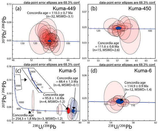 The U-Pb ages for 90 analytical spots for 85 zircon grains from the Himenoura Group and Goshoura Group of SW Japan are shown in Table A1 and Figure 3. Most zircon grains yield concordant or slightly discordant U-Pb ages. In the samples other than one (Kima-5), each single concordia age was obtained. The two samples of the Goshoura Group (Kuma-449, 450) yield concordia ages of 110.3 ± 0.7 Ma (n = 32, MSWD = 3.1) and 116.8 ± 0.8 Ma (n = 15, MSWD = 2.6), respectively. The lower Hinoshima Formation sample (Kuma-6) of the Himenoura group yields a concordant age of 114.9 ± 0.9 Ma (n = 12, MSWD = 1.4). Unlike these, the upper Amura Formation sample (Kuma-5) of the Himenoura group yields a wide range of ages from ca 2360 Ma to 86 Ma. The concordia ages of 88.4 ± 1.3 Ma (n = 6, MSWD = 0.1), 95.8 ± 1.6 Ma (n = 4, MSWD = 1.2), and 254.3 ± 1.8 Ma (n = 3, MSWD = 1.2) were obtained from the sample Kuma-5. Of the four samples analyzed from the Himenoura Group and Goshoura Group, only Kuma-5 has detrital zircons with ages other than Cretaceous, including Jurassic, Triassic, Permian, and Paleoproterozoic ones (Figure 4).
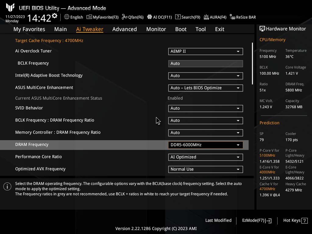 DRAM Frequency가 자동으로 DDR5-6800MHz가 설정되는데, 안정성을 위해서 DDR5-6000MHz로 낮춰서 테스트를 진행했습니다.
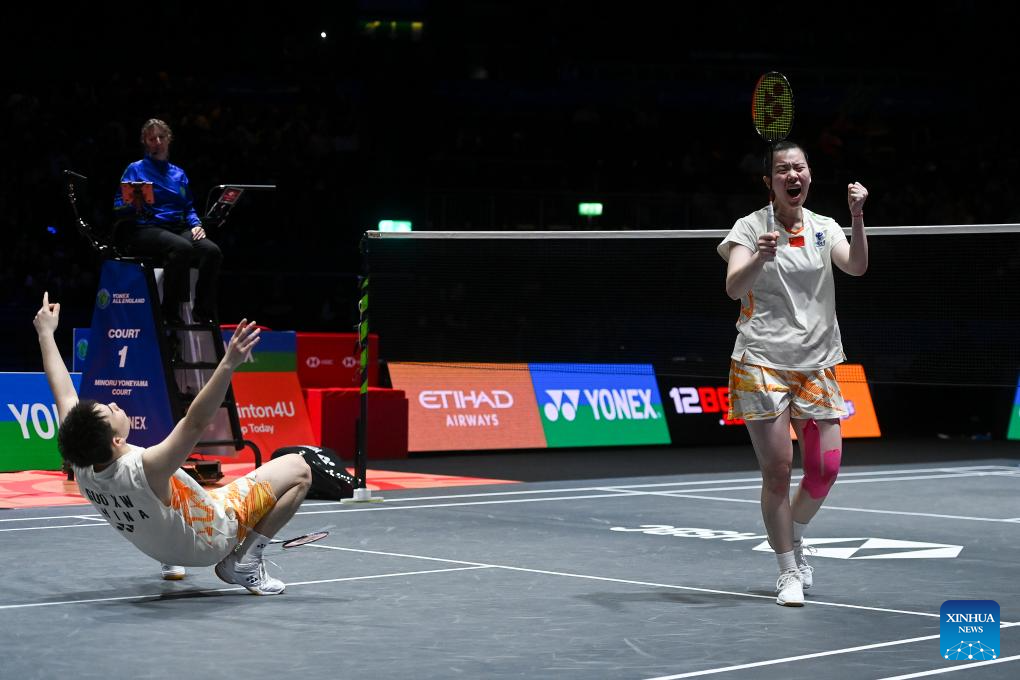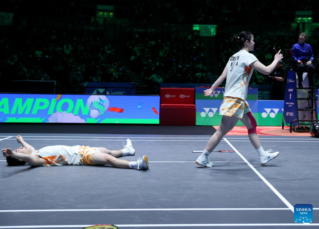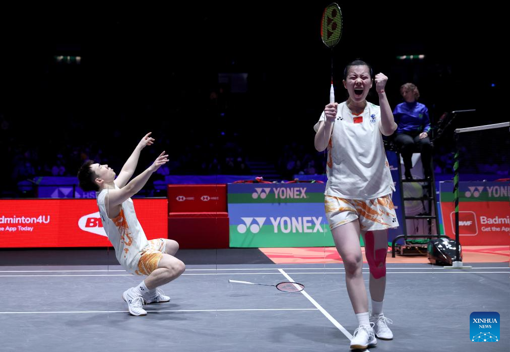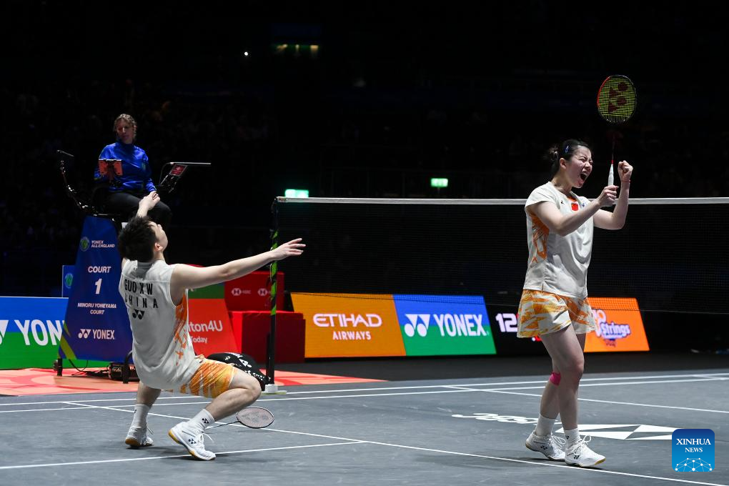 GuoXinwa/Chen Fanghui (R) celebrate after the mixed doubles final between GuoXinwa/Chen Fanghui of China and Feng Yanzhe/Wei Yaxin of China at the All England Open Badminton Championships 2025 in Birmingham, Britain, March 16, 2025. (Xinhua/Li Ying)
----
Instructions to follow
Please produce an exact copy of all the material, leaving out the pictures.

Exercise answer
 The U-Pb ages for 90 analytical spots for 85 zircon grains from the Himenoura Group and Goshoura Group of SW Japan are shown in Table A1 and Figure 3. Most zircon grains yield concordant or slightly discordant U-Pb ages. In the samples other than one (Kima-5), each single concordia age was obtained. The two samples of the Goshoura Group (Kuma-449, 450) yield concordia ages of 110.3 ± 0.7 Ma (n = 32, MSWD = 3.1) and 116.8 ± 0.8 Ma (n = 15, MSWD = 2.6), respectively. The lower Hinoshima Formation sample (Kuma-6) of the Himenoura group yields a concordant age of 114.9 ± 0.9 Ma (n = 12, MSWD = 1.4). Unlike these, the upper Amura Formation sample (Kuma-5) of the Himenoura group yields a wide range of ages from ca 2360 Ma to 86 Ma. The concordia ages of 88.4 ± 1.3 Ma (n = 6, MSWD = 0.1), 95.8 ± 1.6 Ma (n = 4, MSWD = 1.2), and 254.3 ± 1.8 Ma (n = 3, MSWD = 1.2) were obtained from the sample Kuma-5. Of the four samples analyzed from the Himenoura Group and Goshoura Group, only Kuma-5 has detrital zircons with ages other than Cretaceous, including Jurassic, Triassic, Permian, and Paleoproterozoic ones (Figure 4).
 DRAM Frequency가 자동으로 DDR5-6800MHz가 설정되는데, 안정성을 위해서 DDR5-6000MHz로 낮춰서 테스트를 진행했습니다.
 GuoXinwa/Chen Fanghui (R) celebrate after the mixed doubles final between GuoXinwa/Chen Fanghui of China and Feng Yanzhe/Wei Yaxin of China at the All England Open Badminton Championships 2025 in Birmingham, Britain, March 16, 2025. (Xinhua/Li Ying)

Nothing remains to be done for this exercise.